**TASK:**
Look below for the line with "Mexen Orio 120" and the line with "Vous prenez le"; repeat exactly those two lines and all lines between them, but no pictures.

**RECORDS TO USE:**
▼▼▼

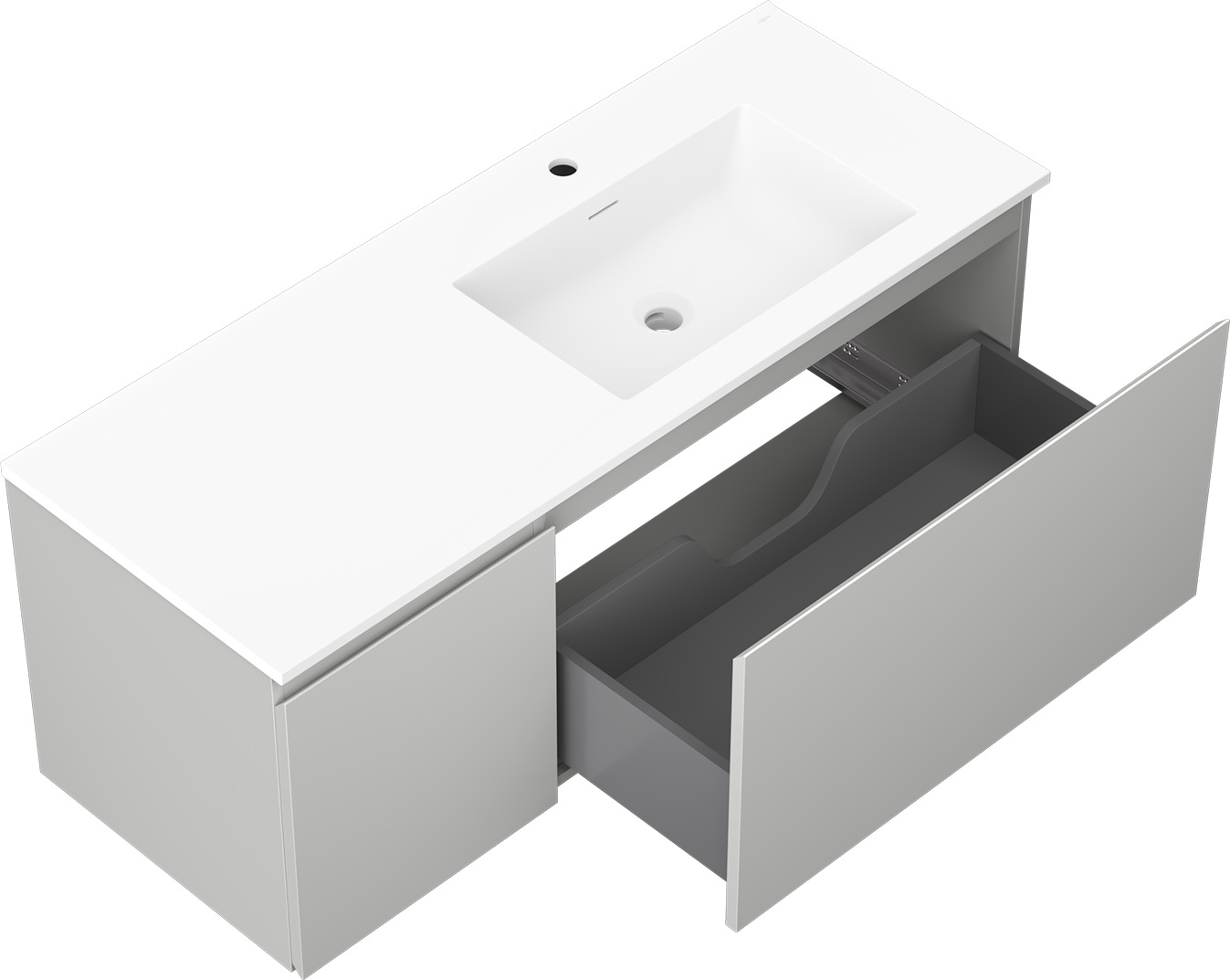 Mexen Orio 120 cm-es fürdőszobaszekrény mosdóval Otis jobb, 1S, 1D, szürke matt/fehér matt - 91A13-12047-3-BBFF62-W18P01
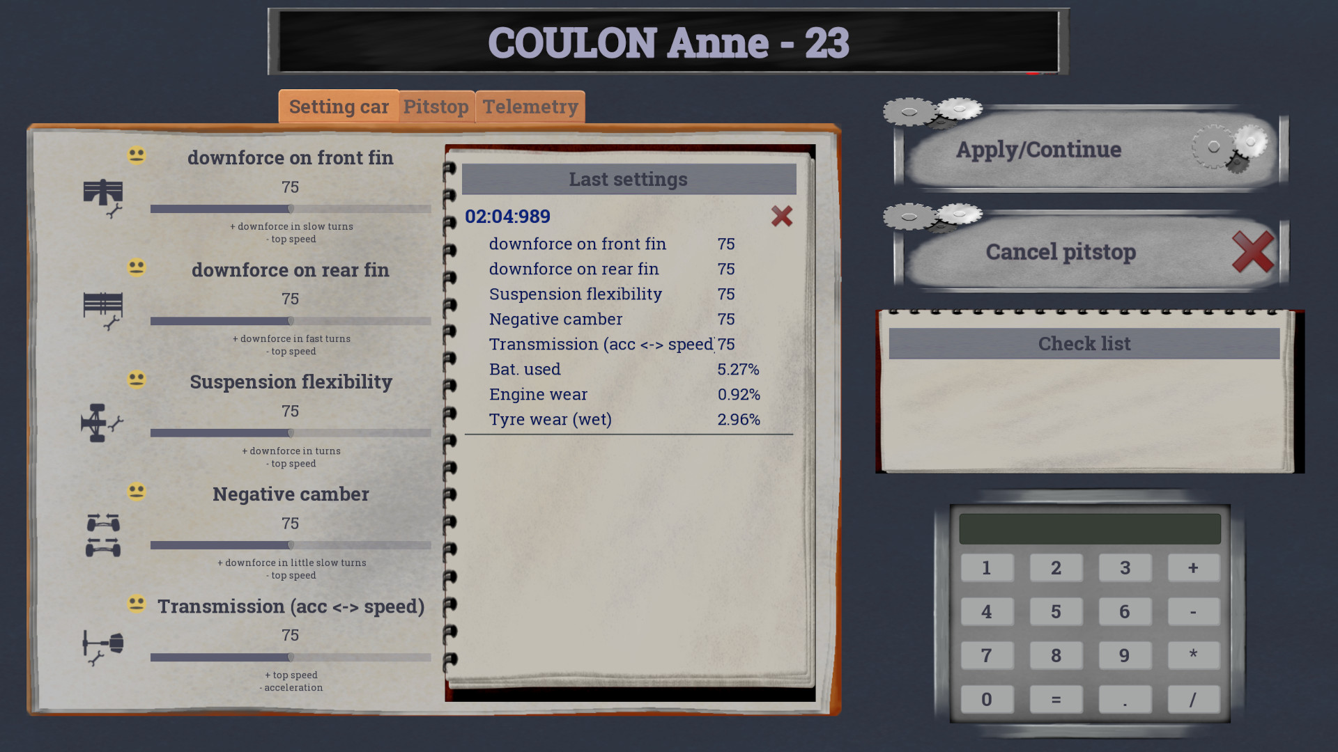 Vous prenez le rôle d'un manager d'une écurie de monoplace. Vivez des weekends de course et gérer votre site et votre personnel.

▲▲▲
▼▼▼

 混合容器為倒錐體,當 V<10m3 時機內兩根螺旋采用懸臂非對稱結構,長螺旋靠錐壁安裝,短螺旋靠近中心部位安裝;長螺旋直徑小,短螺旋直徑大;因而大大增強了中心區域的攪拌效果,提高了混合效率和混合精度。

▲▲▲

**ANSWER:**
 Mexen Orio 120 cm-es fürdőszobaszekrény mosdóval Otis jobb, 1S, 1D, szürke matt/fehér matt - 91A13-12047-3-BBFF62-W18P01
 Vous prenez le rôle d'un manager d'une écurie de monoplace. Vivez des weekends de course et gérer votre site et votre personnel.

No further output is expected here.